> _Work instruction_
A verbatim copy is needed of the lines below from the one containing "Mount Pleasant, NY—The" up to and including the one containing "Sequin Duster Jacket", excluding pictures.

> _Dataset entries_
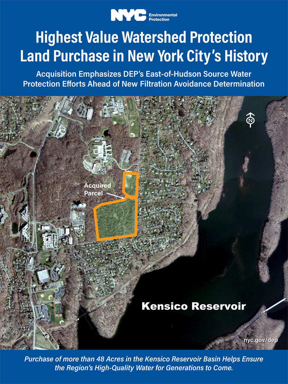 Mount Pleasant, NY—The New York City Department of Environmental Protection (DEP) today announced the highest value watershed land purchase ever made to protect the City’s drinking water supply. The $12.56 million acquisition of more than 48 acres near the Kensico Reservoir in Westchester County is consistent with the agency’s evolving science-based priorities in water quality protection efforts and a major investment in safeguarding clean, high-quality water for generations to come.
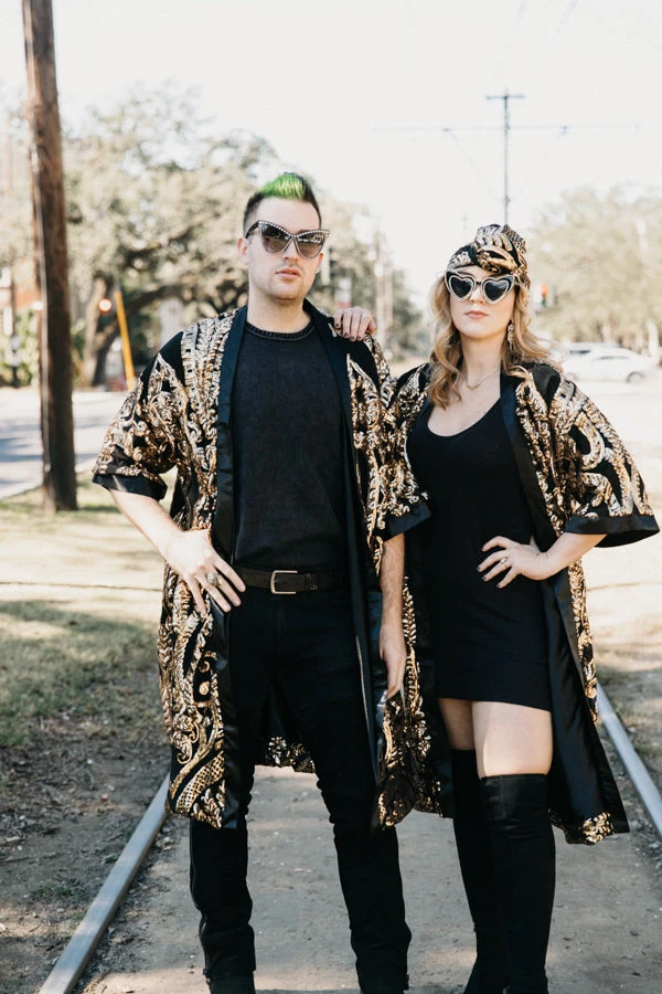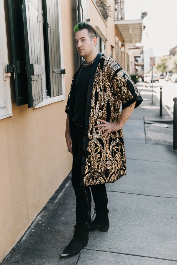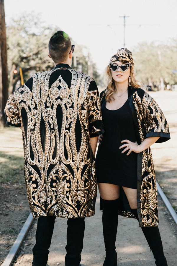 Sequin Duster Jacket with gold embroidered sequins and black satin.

...

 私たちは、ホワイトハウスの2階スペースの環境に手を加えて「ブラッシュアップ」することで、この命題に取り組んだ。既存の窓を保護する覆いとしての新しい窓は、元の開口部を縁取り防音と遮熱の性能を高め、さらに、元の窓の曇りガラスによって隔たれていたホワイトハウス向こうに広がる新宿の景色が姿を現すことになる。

> _Written answer_
 Mount Pleasant, NY—The New York City Department of Environmental Protection (DEP) today announced the highest value watershed land purchase ever made to protect the City’s drinking water supply. The $12.56 million acquisition of more than 48 acres near the Kensico Reservoir in Westchester County is consistent with the agency’s evolving science-based priorities in water quality protection efforts and a major investment in safeguarding clean, high-quality water for generations to come.
 Sequin Duster Jacket with gold embroidered sequins and black satin.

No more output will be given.